_TASK ITEM_
Restate the listing below word for word, omitting any images.
────────────────────
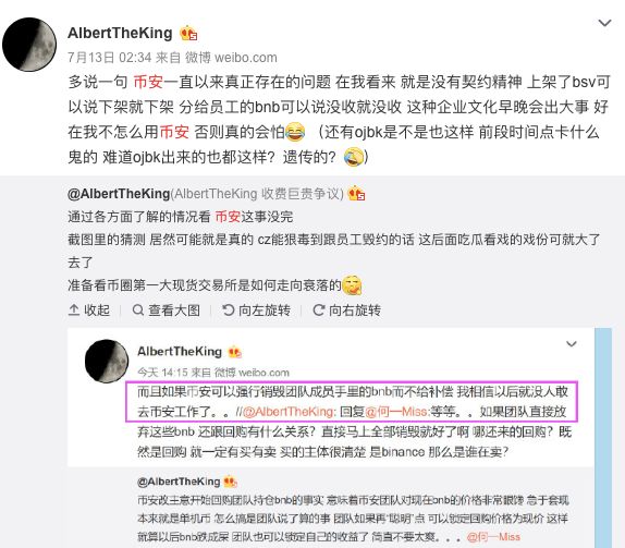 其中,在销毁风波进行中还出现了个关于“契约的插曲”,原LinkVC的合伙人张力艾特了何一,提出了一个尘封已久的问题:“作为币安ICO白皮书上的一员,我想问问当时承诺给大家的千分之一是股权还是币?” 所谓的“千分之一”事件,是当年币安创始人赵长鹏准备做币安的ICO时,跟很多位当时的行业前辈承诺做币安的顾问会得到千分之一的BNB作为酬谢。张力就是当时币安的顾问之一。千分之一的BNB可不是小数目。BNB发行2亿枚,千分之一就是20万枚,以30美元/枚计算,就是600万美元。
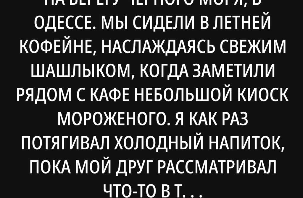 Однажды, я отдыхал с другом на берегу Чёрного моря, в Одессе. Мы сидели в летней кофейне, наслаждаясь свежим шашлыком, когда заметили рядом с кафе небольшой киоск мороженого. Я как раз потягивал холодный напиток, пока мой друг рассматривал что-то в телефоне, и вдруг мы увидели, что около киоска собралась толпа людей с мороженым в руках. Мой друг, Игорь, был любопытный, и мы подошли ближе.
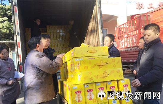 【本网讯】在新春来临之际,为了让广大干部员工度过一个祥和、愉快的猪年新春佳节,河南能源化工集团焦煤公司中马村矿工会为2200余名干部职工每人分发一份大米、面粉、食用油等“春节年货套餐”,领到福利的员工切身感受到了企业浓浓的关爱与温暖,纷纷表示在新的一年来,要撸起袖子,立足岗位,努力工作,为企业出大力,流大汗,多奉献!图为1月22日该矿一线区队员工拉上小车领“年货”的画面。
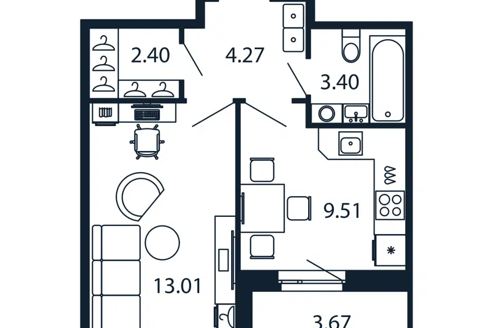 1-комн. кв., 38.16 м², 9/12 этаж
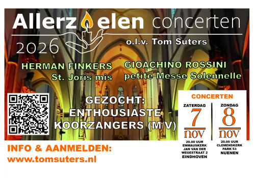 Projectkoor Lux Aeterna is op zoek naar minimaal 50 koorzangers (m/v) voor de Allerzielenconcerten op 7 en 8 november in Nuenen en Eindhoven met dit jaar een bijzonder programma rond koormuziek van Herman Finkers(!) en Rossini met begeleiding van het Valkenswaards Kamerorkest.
────────────────────
_TASK RESULT_
 其中,在销毁风波进行中还出现了个关于“契约的插曲”,原LinkVC的合伙人张力艾特了何一,提出了一个尘封已久的问题:“作为币安ICO白皮书上的一员,我想问问当时承诺给大家的千分之一是股权还是币?” 所谓的“千分之一”事件,是当年币安创始人赵长鹏准备做币安的ICO时,跟很多位当时的行业前辈承诺做币安的顾问会得到千分之一的BNB作为酬谢。张力就是当时币安的顾问之一。千分之一的BNB可不是小数目。BNB发行2亿枚,千分之一就是20万枚,以30美元/枚计算,就是600万美元。
 Однажды, я отдыхал с другом на берегу Чёрного моря, в Одессе. Мы сидели в летней кофейне, наслаждаясь свежим шашлыком, когда заметили рядом с кафе небольшой киоск мороженого. Я как раз потягивал холодный напиток, пока мой друг рассматривал что-то в телефоне, и вдруг мы увидели, что около киоска собралась толпа людей с мороженым в руках. Мой друг, Игорь, был любопытный, и мы подошли ближе.
 【本网讯】在新春来临之际,为了让广大干部员工度过一个祥和、愉快的猪年新春佳节,河南能源化工集团焦煤公司中马村矿工会为2200余名干部职工每人分发一份大米、面粉、食用油等“春节年货套餐”,领到福利的员工切身感受到了企业浓浓的关爱与温暖,纷纷表示在新的一年来,要撸起袖子,立足岗位,努力工作,为企业出大力,流大汗,多奉献!图为1月22日该矿一线区队员工拉上小车领“年货”的画面。
 1-комн. кв., 38.16 м², 9/12 этаж
 Projectkoor Lux Aeterna is op zoek naar minimaal 50 koorzangers (m/v) voor de Allerzielenconcerten op 7 en 8 november in Nuenen en Eindhoven met dit jaar een bijzonder programma rond koormuziek van Herman Finkers(!) en Rossini met begeleiding van het Valkenswaards Kamerorkest.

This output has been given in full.